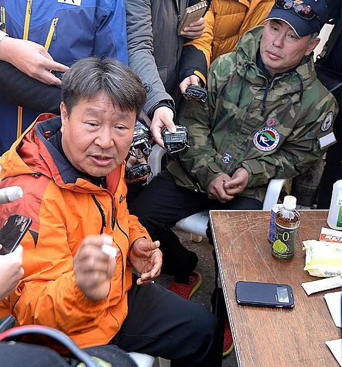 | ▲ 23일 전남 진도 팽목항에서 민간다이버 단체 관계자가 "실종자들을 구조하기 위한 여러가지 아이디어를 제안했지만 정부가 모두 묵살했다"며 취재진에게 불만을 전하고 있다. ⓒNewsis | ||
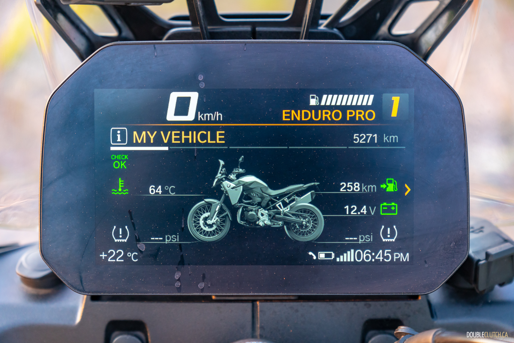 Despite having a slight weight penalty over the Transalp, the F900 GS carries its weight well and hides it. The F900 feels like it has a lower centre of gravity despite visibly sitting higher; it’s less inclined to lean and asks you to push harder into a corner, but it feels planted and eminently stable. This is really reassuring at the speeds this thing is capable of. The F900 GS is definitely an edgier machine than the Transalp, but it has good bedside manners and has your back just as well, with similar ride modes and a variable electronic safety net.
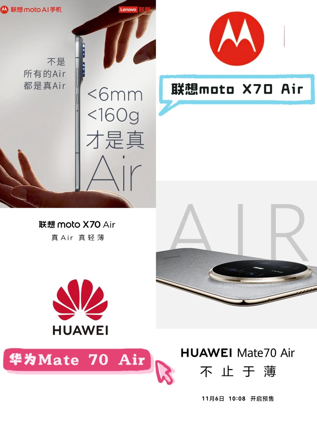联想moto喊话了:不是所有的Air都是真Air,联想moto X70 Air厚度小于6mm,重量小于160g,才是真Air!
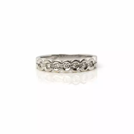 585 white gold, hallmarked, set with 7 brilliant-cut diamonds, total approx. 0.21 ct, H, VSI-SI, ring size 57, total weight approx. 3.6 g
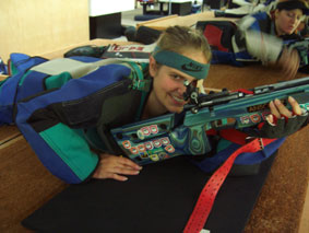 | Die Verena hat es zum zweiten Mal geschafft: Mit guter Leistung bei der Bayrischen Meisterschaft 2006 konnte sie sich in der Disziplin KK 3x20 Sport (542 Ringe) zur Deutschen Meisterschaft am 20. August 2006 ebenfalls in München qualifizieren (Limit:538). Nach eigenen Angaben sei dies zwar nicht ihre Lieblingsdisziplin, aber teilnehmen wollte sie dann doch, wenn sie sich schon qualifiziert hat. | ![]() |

* * *

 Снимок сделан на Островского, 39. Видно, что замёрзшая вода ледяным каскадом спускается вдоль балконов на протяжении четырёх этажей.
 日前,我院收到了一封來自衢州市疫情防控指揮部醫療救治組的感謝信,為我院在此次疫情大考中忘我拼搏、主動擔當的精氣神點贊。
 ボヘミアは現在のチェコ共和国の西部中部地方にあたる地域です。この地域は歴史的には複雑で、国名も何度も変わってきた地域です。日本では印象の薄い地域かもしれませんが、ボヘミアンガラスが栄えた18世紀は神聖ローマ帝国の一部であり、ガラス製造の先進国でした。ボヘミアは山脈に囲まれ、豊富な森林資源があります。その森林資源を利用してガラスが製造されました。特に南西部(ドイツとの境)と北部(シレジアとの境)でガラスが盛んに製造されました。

* **Task statement**
Print, without alteration, only the lines above between the one holding "Снимок сделан на" and the one holding "ボヘミアは現在のチェコ共和国", inclusive.

* **The completed task**
 Снимок сделан на Островского, 39. Видно, что замёрзшая вода ледяным каскадом спускается вдоль балконов на протяжении четырёх этажей.
 日前,我院收到了一封來自衢州市疫情防控指揮部醫療救治組的感謝信,為我院在此次疫情大考中忘我拼搏、主動擔當的精氣神點贊。
 ボヘミアは現在のチェコ共和国の西部中部地方にあたる地域です。この地域は歴史的には複雑で、国名も何度も変わってきた地域です。日本では印象の薄い地域かもしれませんが、ボヘミアンガラスが栄えた18世紀は神聖ローマ帝国の一部であり、ガラス製造の先進国でした。ボヘミアは山脈に囲まれ、豊富な森林資源があります。その森林資源を利用してガラスが製造されました。特に南西部(ドイツとの境)と北部(シレジアとの境)でガラスが盛んに製造されました。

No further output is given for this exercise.